**Task item:** Please reproduce all entries word for word and omit their pictures.

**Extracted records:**
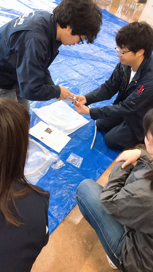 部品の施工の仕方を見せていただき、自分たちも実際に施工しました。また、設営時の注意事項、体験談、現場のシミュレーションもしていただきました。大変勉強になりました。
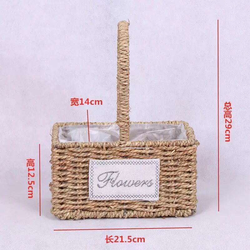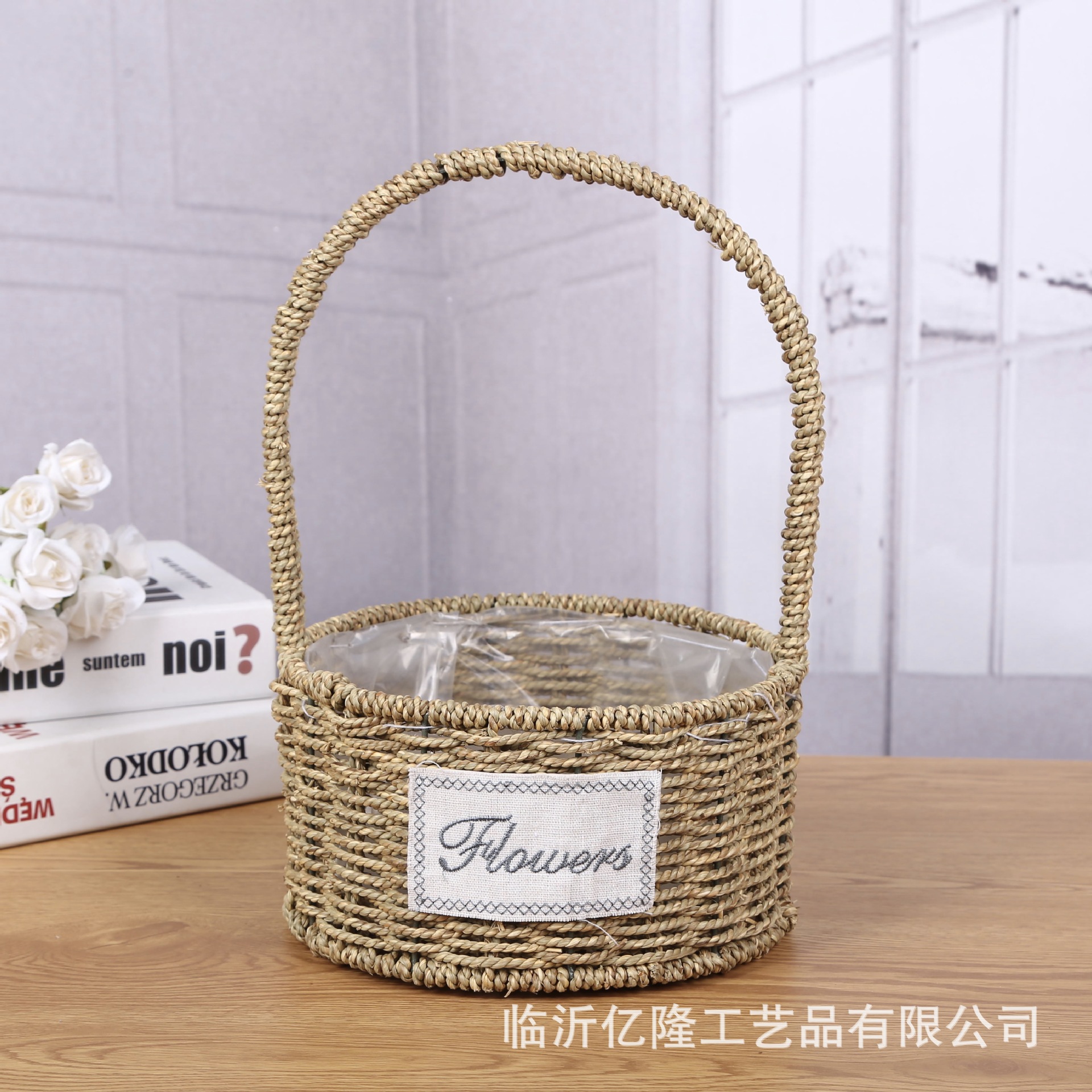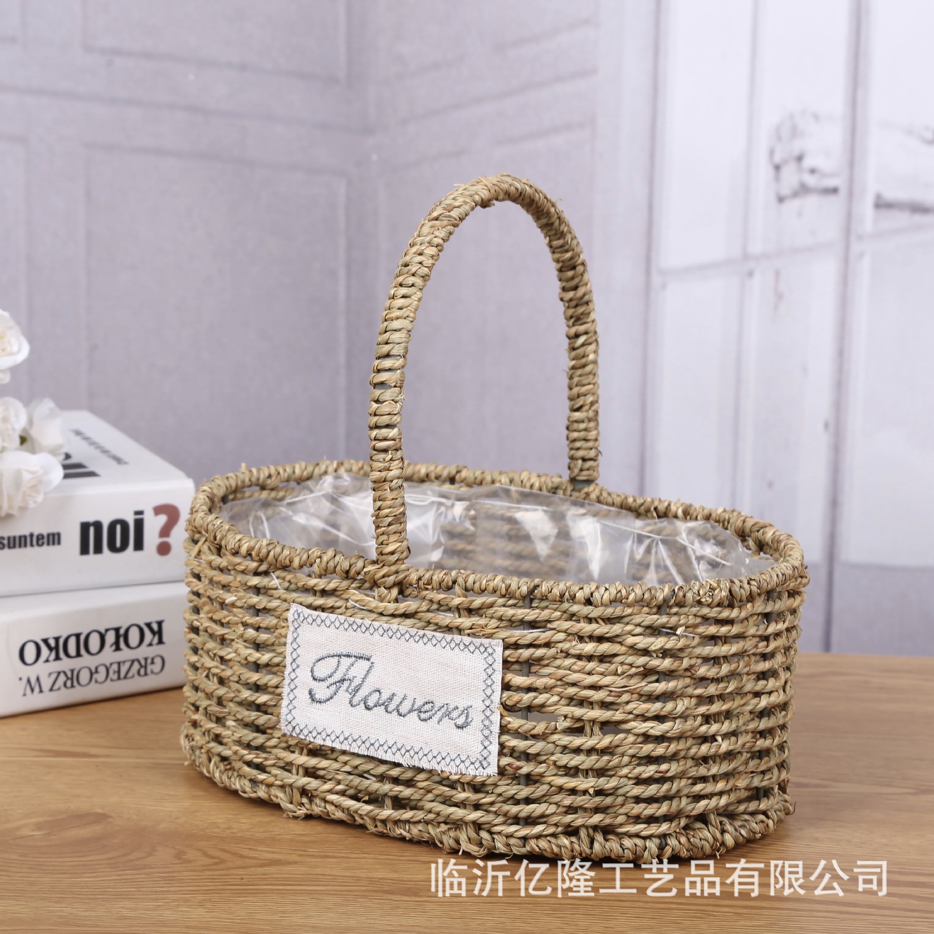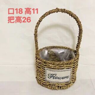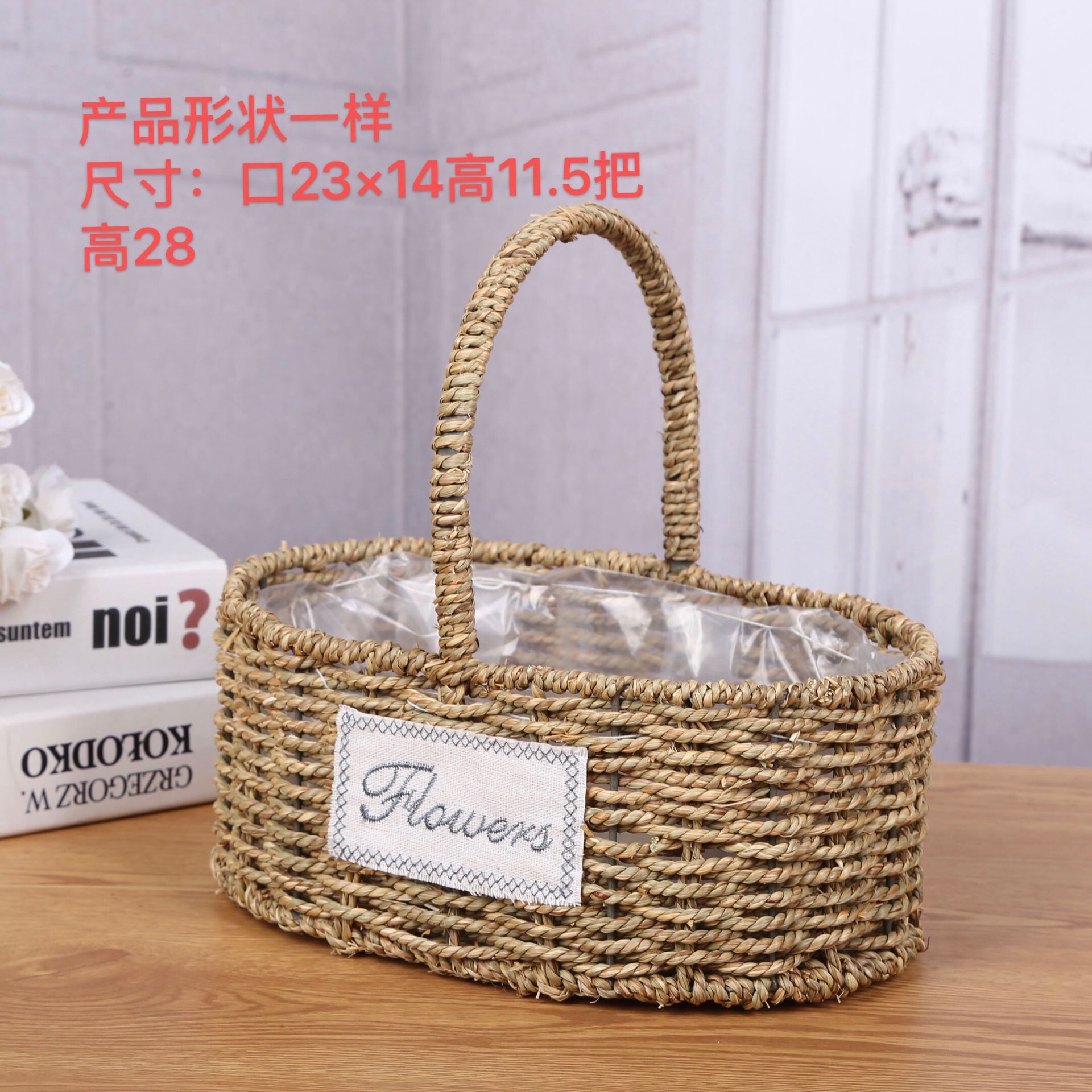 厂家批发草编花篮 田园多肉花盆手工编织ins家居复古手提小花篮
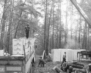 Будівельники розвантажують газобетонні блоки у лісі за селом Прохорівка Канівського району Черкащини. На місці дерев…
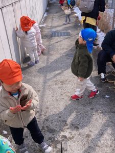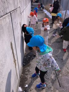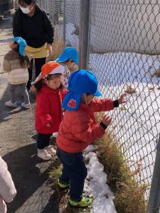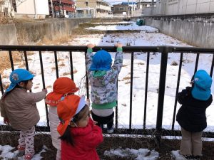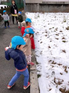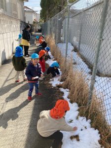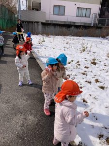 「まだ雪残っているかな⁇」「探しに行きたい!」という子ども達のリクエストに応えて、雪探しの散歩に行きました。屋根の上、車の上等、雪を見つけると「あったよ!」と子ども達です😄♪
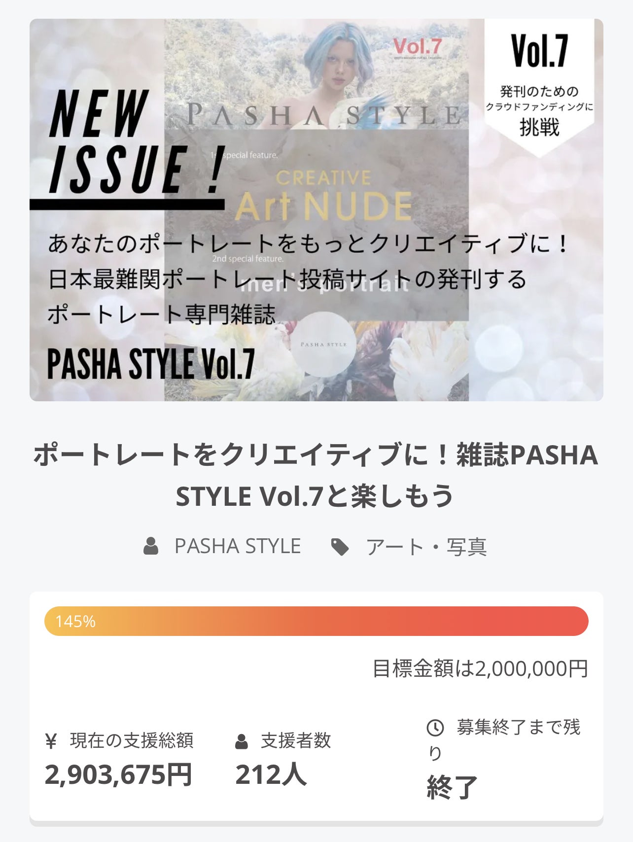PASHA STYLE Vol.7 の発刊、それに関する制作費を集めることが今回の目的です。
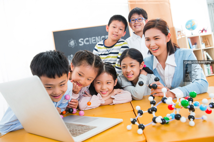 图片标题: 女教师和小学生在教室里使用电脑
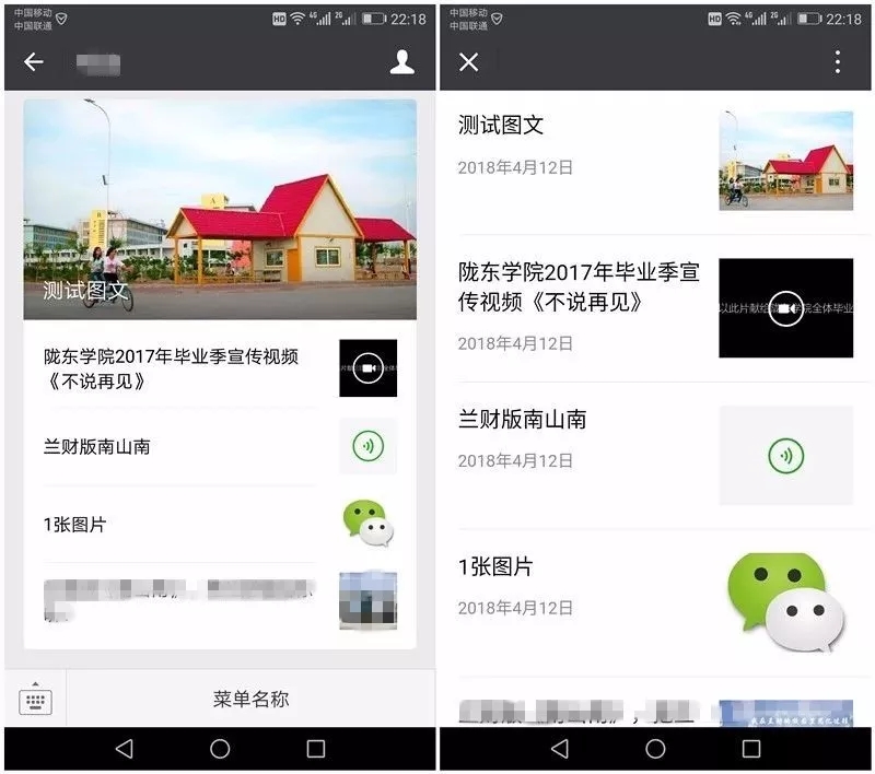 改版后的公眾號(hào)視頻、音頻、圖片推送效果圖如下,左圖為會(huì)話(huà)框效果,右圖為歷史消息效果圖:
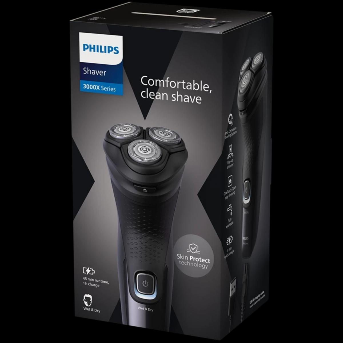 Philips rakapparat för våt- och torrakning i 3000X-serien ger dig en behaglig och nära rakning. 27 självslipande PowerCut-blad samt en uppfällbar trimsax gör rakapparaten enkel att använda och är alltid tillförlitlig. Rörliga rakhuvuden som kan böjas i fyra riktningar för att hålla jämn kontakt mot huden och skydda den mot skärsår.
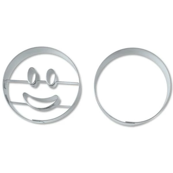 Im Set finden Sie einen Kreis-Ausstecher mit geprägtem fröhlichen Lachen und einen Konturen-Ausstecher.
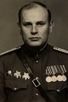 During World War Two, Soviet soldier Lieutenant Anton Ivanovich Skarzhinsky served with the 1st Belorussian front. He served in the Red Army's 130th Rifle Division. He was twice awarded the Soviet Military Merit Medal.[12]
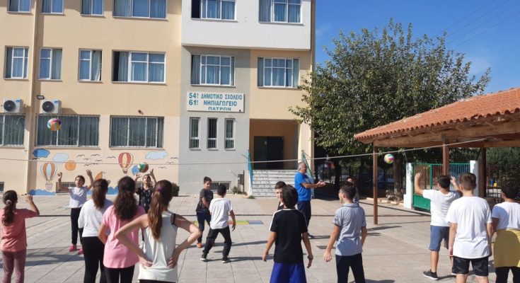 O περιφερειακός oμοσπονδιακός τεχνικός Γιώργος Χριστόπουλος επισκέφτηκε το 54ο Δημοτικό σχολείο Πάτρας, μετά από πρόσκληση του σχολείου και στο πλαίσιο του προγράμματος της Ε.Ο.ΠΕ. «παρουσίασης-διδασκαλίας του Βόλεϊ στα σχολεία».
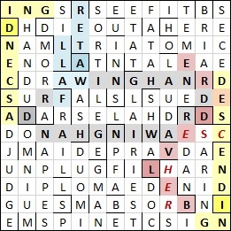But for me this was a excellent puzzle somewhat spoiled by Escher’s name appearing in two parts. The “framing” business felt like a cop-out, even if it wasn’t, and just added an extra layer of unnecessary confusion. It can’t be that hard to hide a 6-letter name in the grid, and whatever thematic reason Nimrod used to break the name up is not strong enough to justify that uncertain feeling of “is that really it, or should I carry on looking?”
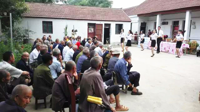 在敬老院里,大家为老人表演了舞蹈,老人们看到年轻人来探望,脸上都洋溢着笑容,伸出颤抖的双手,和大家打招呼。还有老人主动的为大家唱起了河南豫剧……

**Answer section:**
 部品の施工の仕方を見せていただき、自分たちも実際に施工しました。また、設営時の注意事項、体験談、現場のシミュレーションもしていただきました。大変勉強になりました。
 厂家批发草编花篮 田园多肉花盆手工编织ins家居复古手提小花篮
 Будівельники розвантажують газобетонні блоки у лісі за селом Прохорівка Канівського району Черкащини. На місці дерев…
 「まだ雪残っているかな⁇」「探しに行きたい!」という子ども達のリクエストに応えて、雪探しの散歩に行きました。屋根の上、車の上等、雪を見つけると「あったよ!」と子ども達です😄♪
PASHA STYLE Vol.7 の発刊、それに関する制作費を集めることが今回の目的です。
 图片标题: 女教师和小学生在教室里使用电脑
 改版后的公眾號(hào)視頻、音頻、圖片推送效果圖如下,左圖為會(huì)話(huà)框效果,右圖為歷史消息效果圖:
 Philips rakapparat för våt- och torrakning i 3000X-serien ger dig en behaglig och nära rakning. 27 självslipande PowerCut-blad samt en uppfällbar trimsax gör rakapparaten enkel att använda och är alltid tillförlitlig. Rörliga rakhuvuden som kan böjas i fyra riktningar för att hålla jämn kontakt mot huden och skydda den mot skärsår.
 Im Set finden Sie einen Kreis-Ausstecher mit geprägtem fröhlichen Lachen und einen Konturen-Ausstecher.
 During World War Two, Soviet soldier Lieutenant Anton Ivanovich Skarzhinsky served with the 1st Belorussian front. He served in the Red Army's 130th Rifle Division. He was twice awarded the Soviet Military Merit Medal.[12]
 O περιφερειακός oμοσπονδιακός τεχνικός Γιώργος Χριστόπουλος επισκέφτηκε το 54ο Δημοτικό σχολείο Πάτρας, μετά από πρόσκληση του σχολείου και στο πλαίσιο του προγράμματος της Ε.Ο.ΠΕ. «παρουσίασης-διδασκαλίας του Βόλεϊ στα σχολεία».
But for me this was a excellent puzzle somewhat spoiled by Escher’s name appearing in two parts. The “framing” business felt like a cop-out, even if it wasn’t, and just added an extra layer of unnecessary confusion. It can’t be that hard to hide a 6-letter name in the grid, and whatever thematic reason Nimrod used to break the name up is not strong enough to justify that uncertain feeling of “is that really it, or should I carry on looking?”
 在敬老院里,大家为老人表演了舞蹈,老人们看到年轻人来探望,脸上都洋溢着笑容,伸出颤抖的双手,和大家打招呼。还有老人主动的为大家唱起了河南豫剧……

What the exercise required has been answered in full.